September 21, 2010

A victory for Chickens In The Yard.

Fresh eggs, coming soon to a neighborhood near you!
by Nate Rafn
September 21st, 2010

Salem is so close to having chickens, I can almost taste it!

Last night Salem City Council held a public hearing and a vote on Ordinance Bill 19-10, the document that governs the keeping of chickens within Salem city limits. Fourteen Salemites testified in favor of the ordinance, while two spoke in opposition. The crowd at City Hall was substantial, with Chickens In The Yard (CITY) supporters filling most of the seats.

After spirited testimony, the councilors were given a chance to amend the language of the ordinance. The original reading states that anyone in violation of the new ordinance (keeping a rooster, failing to obtain license, etc.) would be charged with a misdemeanor! This outrageous component of the ordinance was swiftly replaced with a lesser violation by City Council. Minor changes were also made to the section about licensing and inspection fees. Councilor Cannon proposed a practical change that would allow chickens to leave the confines of their coop, if kept under the watchful eye of the owner.

Barbara Palermo, of CITY, speaks to City Council.
Lisa Clarke-Burnell, of Neighborhood Harvest, speaks in support of chickens.

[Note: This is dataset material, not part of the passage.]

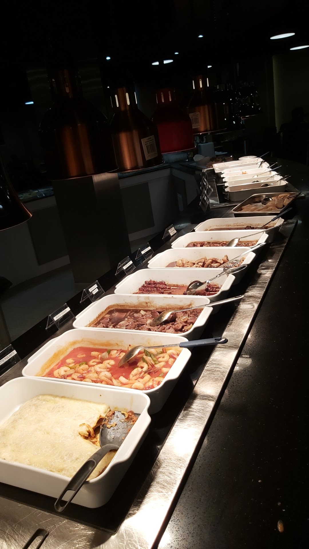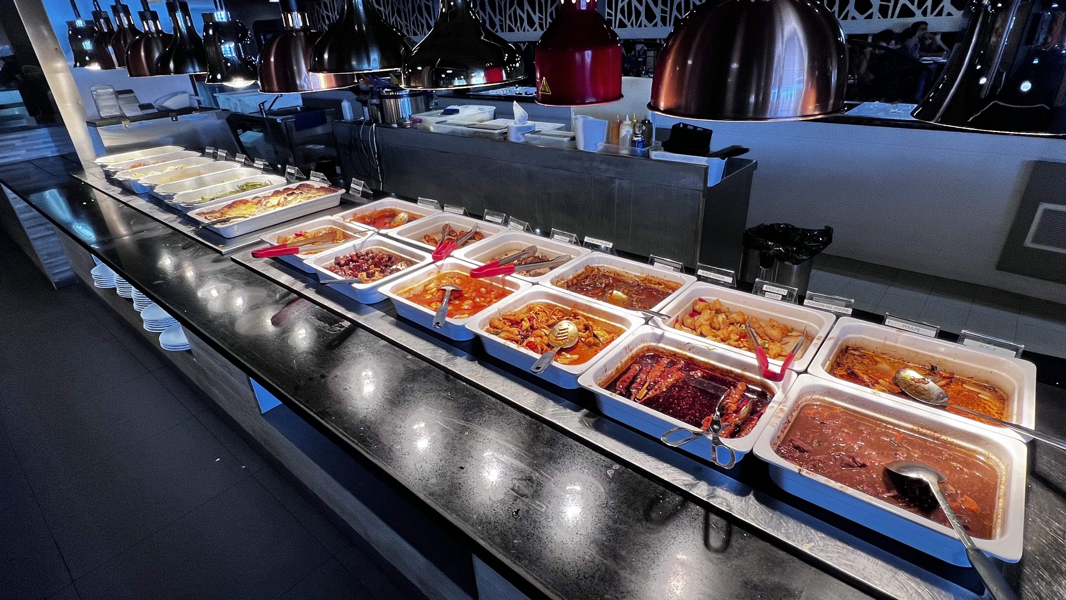 Beaucoup de place dans le restaurant. Buffet très varié (chinois, japonais, salades, steak house). La viande est bonne. Personnel très agréable.

With amendments in place, the counsel voted.

Yes Votes

Bennet, Ward 1
Tesler, Ward 2
Nanke, Ward 3
Sullivan, Ward 4
Dickey, Ward 5
Clem, Ward 8
Taylor, Mayor

No Votes

Rogers, Ward 6
Cannon, Ward 7

Councilors Rogers (left) and Cannon (right) listen to testimony.
I was surprised by two things. First, Councilor Dan Clem has been one of the most stubborn opponents of this bill. He claims that his constituents in West Salem are overwhelmingly against chickens. But according to Barbara Palermo of CITY, public record shows that Clem has received far more emails in favor of chickens. Clem shocked many people last night when he changed his mind at the last moment. He said, after hearing the testimony that evening, that he was willing to put trust in the residents of Salem and give this bill a chance.

Another odd moment was when Councilor Cannon gave his reasons for voting no. He said that he believes in protecting property rights, and doesn't care whether Salem allows chickens or not. But he voted no because, according to Cannon, the bill was too restrictive and too complicated. I'm not sure what his rational was for this decision. It may be some deep-seated issue of principal. But if we have no ordinance at all, that is far more restrictive than passing an ordinance that has a few rules attached. It didn't make sense to me.

Council Chambers at Salem City Hall.
What Happens Now

As I understand it, the amendments to the ordinance will be added by city staff, and a final reading will occur sometime next month. Council will vote on the final bill at that time.